FESOTERODINE FUMARATE

Approved October 31, 2008

FESOTERODINE FUMARATE
(FDA Category 1S)

TOVIAZ (Pfizer Labs) is a competitive muscarinic receptor antagonist. The presumed mechanism of action is inhibition of muscarinic receptors in the bladder by fesoterodine's active metabolite.

DOSING INFORMATION: The recommended starting dose is 4 mg orally once daily. The dose may be increased to 8 mg once daily based on patient response and tolerability.

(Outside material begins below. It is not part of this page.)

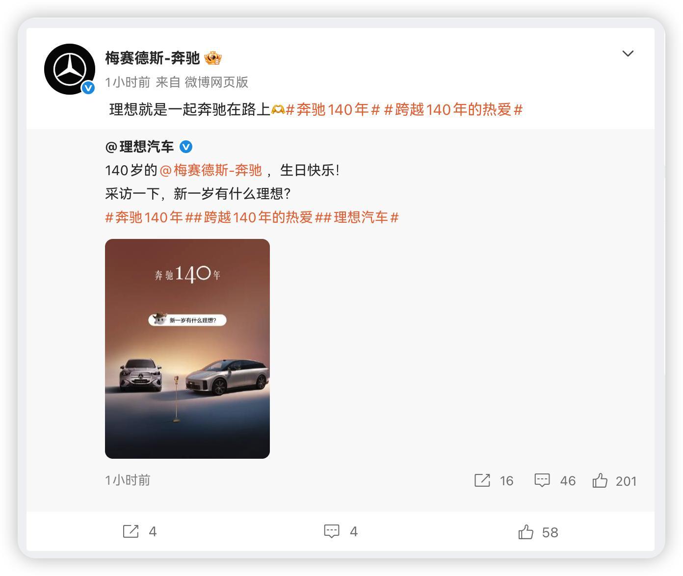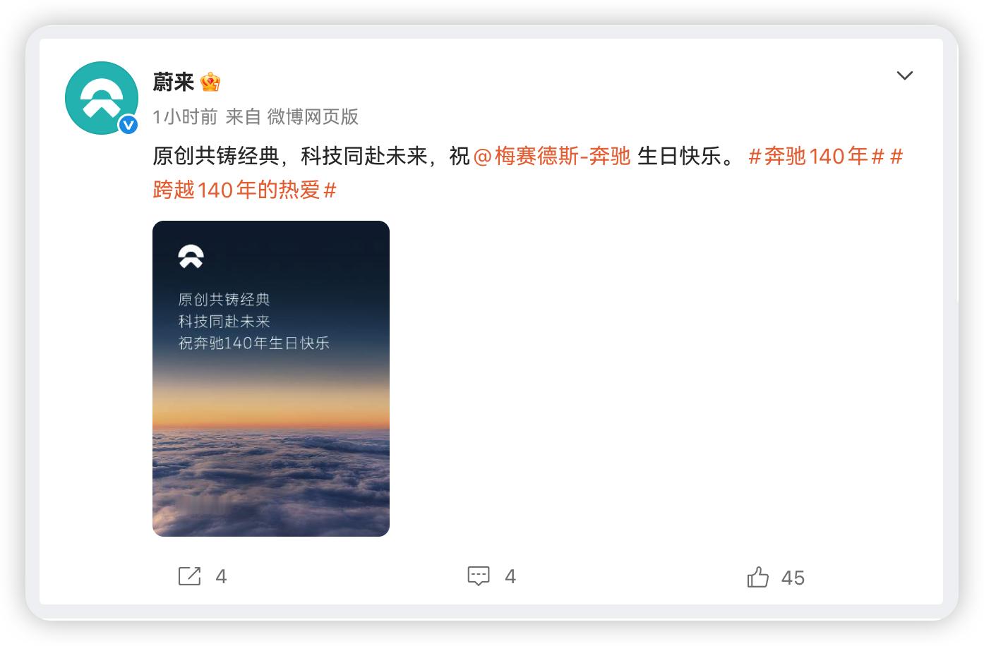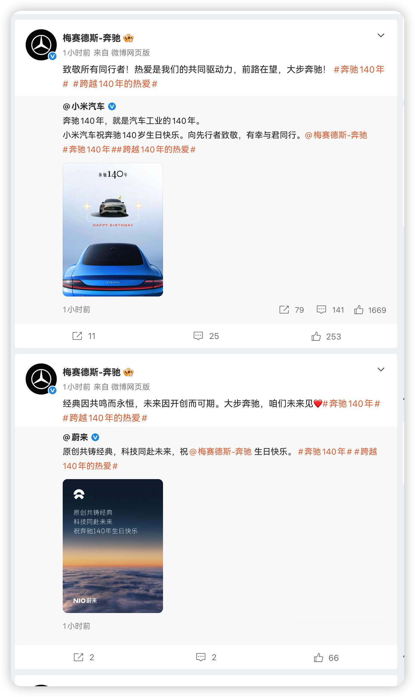 今天车圈这事儿挺体面。小米、蔚来、理想等一众车企全都在祝奔驰140岁生日快乐,奔驰也挨个回礼,气氛难得的和谐。这波操作不光显格局,小米把自己和百年豪门摆在一起,这营销手段也是高明。这种“英雄惜英雄”的场面看着顺眼多了,良性竞争就该是这样。小米汽车祝福奔驰140年 奔驰140年生日快乐

PHARMACOKINETICS: Fesoterodine cannot be detected in the plasma and is rapidly and extensively hydrolyzed to its active metabolite, 5-hydroxymethyl tolterodine. The absolute bioavailability of 5-hydroxymethyl tolterodine after oral administration is 52%. Maximum plasma concentrations of 5-hydroxymethyl tolterodine are reached approximately 5 hours after oral dosing. The Vd of 5-hydroxymethyl tolterodine following intravenous administration is 169 L and 5-hydroxymethyl tolterodine is approximately 50% bound to plasma proteins. 5-hydroxymethyl tolterodine is eliminated by renal excretion (70%) and in the feces (7%). The elimination half-life of 5-hydroxymethyl tolterodine after oral administration is approximately 7 hours.

CAUTIONS: Contraindications to fesoterodine include urinary retention, gastric retention, or uncontrolled narrow-angle glaucoma. Use with caution in patients with bladder outlet obstruction, decreased gastrointestinal motility, controlled narrow-angle glaucoma, reduced hepatic function, myasthenia gravis, reduced renal function and in patients receiving concomitant CYP3A4 inhibitors. The most commonly reported adverse effects include dry mouth and constipation.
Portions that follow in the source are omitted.